9. The assessee has raised an additional ground of appeal to the effect that the reassessment made by the ITO under ssction 147(6) is time barred. This being a legal issue, we permit the assessee to raise the same at this stage. The assessment under Section 143(3) of the Act was completed on 29-12-1975. The notice under Section 148 of the Act was served on the assessee on 26-8-1977. Thus, the normal period of limitation under Section 153 of the Act would have expired on 25-8-1978. The ITO forwarded the draft order to the IAC under Section 144B of the Act on 21-8-1978 and passed the final order on 20-2-1979.
The plea of the learned representative of the assessee before us is that the provisions of Section 144B are not applicable to a case under Section 147 and as such, the reassessment order passed by the ITO on 20-2-1979 is time barred.

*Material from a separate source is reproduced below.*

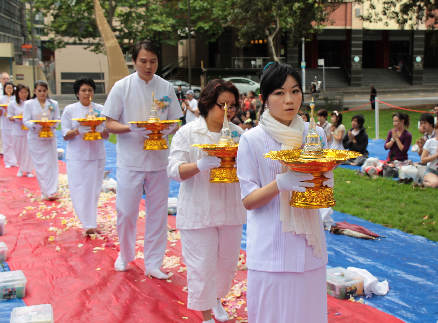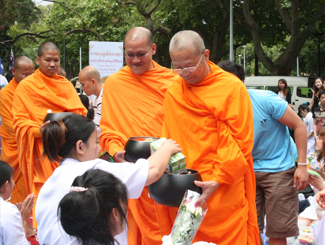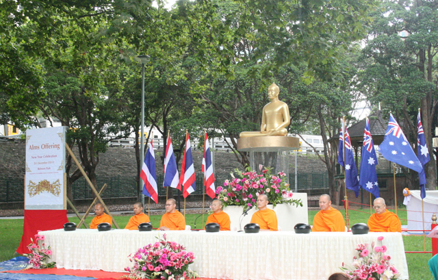 Hundreds of Buddhist gathered at Belmore Park, next to the heart of Sydney CBD – Central station, to join in alms offering to Buddhist monks in the morning of the New Year eve. This ceremony is a regular activity for the occasion but this year is very special as the Buddha’s relic is present.

In support of his contention, he has relied upon the decision of the Orissa High Court in the case of CIT v.Ganeshram Nayak  129 ITR 43. We are unable to accept the contention of the assessee for the simple reason that we do not subscribe to the view that the provisions of Section 144B are not applicable to a case under Section 147. It has been held by the Special Bench of the Tribunal in the case of Bela Singh Pabla v. ITO  1 ITD 370 (Delhi) that Section 144B applies to all the assessments made under Section 143(3) whether by way of original assessment or as a result of reopening of the assessment under Section 147. The authority of the Orissa High Court in Ganeshram Nayak's case (supra) cited by the learned representative of the assessee does not, strictly speaking, cover the present case. This authority merely lays down that the expression 'regular assessment' appearing in Section 273(6) of the Act is confined to Sections 143 and 144 of the Act and does not cover assessments under Section 147 and, therefore, penalty cannot be imposed under Section 273(6) for failure to estimate and pay advance tax in the assessment proceedings initiated under Section 147. It is evident that the point at issue before us, i.e., whether or not the provisions of Section 144B are applicable to a case under Section 147 was not directly before the Orissa High Court for adjudication. As against this, the Special Bench of the Tribunal has specifically dealt with this issue in the case of Bela Singh Pabla (supra). That being so, this decision of the Special Bench of the Tribunal squarely covers the present case. We would, therefore, follow the order of the Special Bench and hold that the provisions of Section 144B are applicable to the assessments made under Section 147. It is not in dispute that if the provisions of Section 144B are held to be applicable to this case, then the reassessment order passed by the ITO under Section 143(3) read with Section 147(6) is within time. We, therefore, reject the last objection of the assessee.